With file servers running as virtual servers hosted by a shared data cluster, data access does not need to be unavailable for several hours due to scheduled or unscheduled downtime. Instead, if a node in the cluster needs to go offline (or is taken offline by system failure), the application hosted by the node can simply be moved to another node in the cluster. With failover generally taking seconds to complete, user access would be minimally disrupted.
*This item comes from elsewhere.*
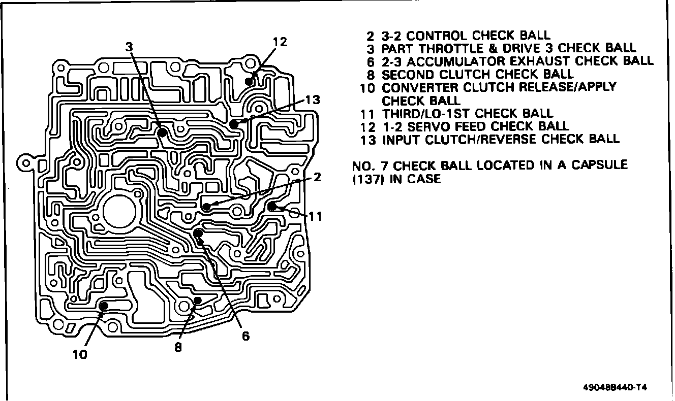 A very harsh part throttle 3-2 shift at 20-40 mph may be caused by a missing or mislocated No. 2 3-2 control checkball (Figure 2). Remove the valve body to inspect for proper checkball location or damage to the spacer plate. A mislocated checkball may have bent the spacer plate. Also inspect the No. 12 1-2 servo feed checkball to insure it is seating properly.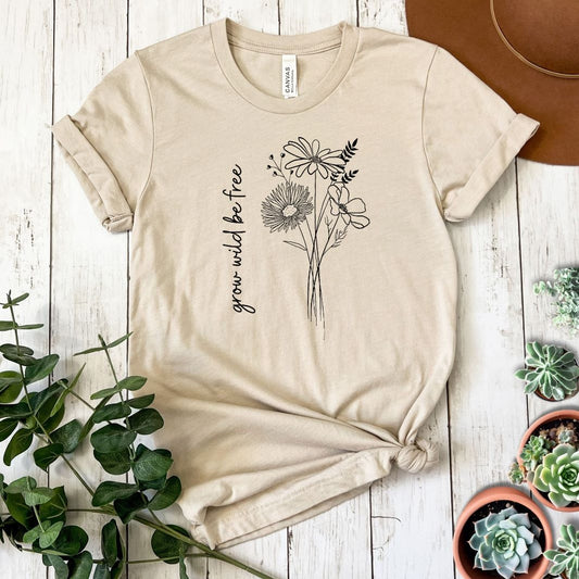"Grow Wild Be Free" Wildflower Short Sleeve Tee

Not all clustering products support application failover during upgrades. Some products will require all servers be taken down simultaneously during an upgrade. Administrators should consult their cluster product vendor prior to performing any cluster maintenance to verify that clustered applications will remain available during any system upgrades.

Shared Data

With shared data, many traditional failover cluster architectures employ a shared-nothing architecture. With shared-nothing clustering, one or more servers share storage, but in reality only one server can use a shared physical disk at a time. The argument for this approach has long been that concurrent I/O operations from multiple sources could corrupt the shared hard disk, so it is best that the disk only be mounted on one physical server at a time. Ultimately, this means that traditional architectures in which software running on the servers in the cluster simply will not run properly if multiple physical servers are concurrently accessing the same disk space. However, this architecture will result in slow failovers in the event of a failure due to one node needing to release the storage resource and then the failover node needing to mount the storage resource.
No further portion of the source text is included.